There is one food manufacturing company called Nestle, which makes Maggi Noodles.
Few days back then, they were in news, where it was claimed that in Maggi there are few unwanted materials, like lead or some products which are unsafe for consumption and which are harmful for the health.
So, now what did the government do? They sent some of its agencies.
So, what did the governments agencies do is they sent few of their agents in certain markets to pick Maggi products and perform tests on them.
Now, the government claims that in one ideal Maggi less than 2.5 ppm, which means parts per million, should be the lead content.
Which means if they want to sell Maggi in the market, government has told the Nestle people that there should be less than 2.5 PPM lead in it.
If it is more than that, then it is harmful and there will be legal action taken on this.
So, this is what the government said, the average lead content should be less than 2.5 ppm.
So, this is my claim, which means the government has created one hypothesis.
Now to find out about how much lead is exactly there in my Maggi, to know that we perform hypothesis testing.
How do we do that? We will see further.
But the basic idea is that if there is more than 1 million Maggi produced every day then we cannot check every product.
In that case we have to create a certain sample from the population.
And on that we have to perform the hypothesis testing.
So, in this way, by using different test and different ways we can use our hypothesis testing.
Now we had seen in the last module what is inferential statistics.
In this module we are going to see what is hypothesis testing? Now what is the relation between these two or what is the difference between them, let's see them once.
When is inferential statistics used? When I wanted inferences about my population.
Then we created samples from the population, we created its sampling data, we created sampling distribution.
And based on that, we drew our results like population mean and other different things using confidence interval.

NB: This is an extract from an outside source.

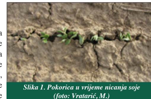
Slika 1. Pokorica u vrijeme nicanja soje

Pojava pokorice – Kada padne jaka kiša na pripremljeno tlo fine mrvičaste strukture, može se stvoriti pokorica koja usporava i onemogućava normalno nicanje biljaka soje (Slika 1.). Biljčice se iscrpljuju, tanke su, a hipokotil često puca. Pokoricu je moguće razbiti raznim drljačama kako bi se

When do we use hypothesis testing, suppose when I have an assumption of population mean, I already have got population mean through any method, maybe with the inferential statistics, the population mean that I have calculated, I want to confirm that is that 100% claim or not? Which means collecting so much of evidence which I can say with guarantee that my test which is performed, which is my sample that represents my population.
So, to prove our claim 100%, we use hypothesis testing.

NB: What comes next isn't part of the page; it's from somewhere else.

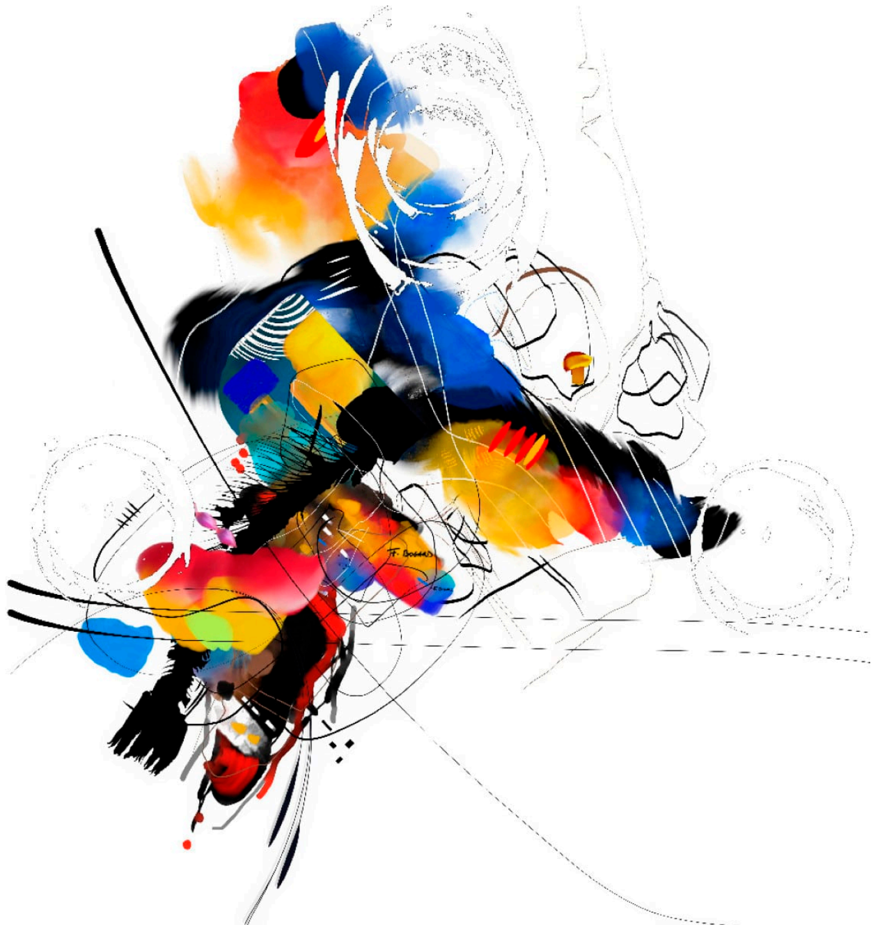
Série des petites agaceries – Agacerie 16 – 100x100cm – 2022/2023

So, we use few steps in hypothesis testing, which are as follows.
First of all before performing any test, we will have to create one null and one alternative hypothesis.
Second, the hypothesis which we have created, we perform few tests on them.
What are those tests? Like T test, Z score test, anova test, We will learn about them in detail in future.
Even what is null and alternate hypothesis, in which ways do we form them, that we will see in the futures chapters.
After completing both the steps, we have performed the test, we have created null hypothesis and alternate hypothesis.
We perform the tests, after that in the third step, we take one decision whether I have to reject my null hypothesis or if I am failing to reject my null hypothesis.
How will we do it, all that we will see in detail going ahead.
Lastly, we will prove our findings on the basis of conclusions.
So, by using different steps we will how hypothesis testing is done.
If you have any comments or questions related to this course then you can click on the discussion button below this video and you can post them over there.
In this way, you can connect with other learners like you and you can discuss with them.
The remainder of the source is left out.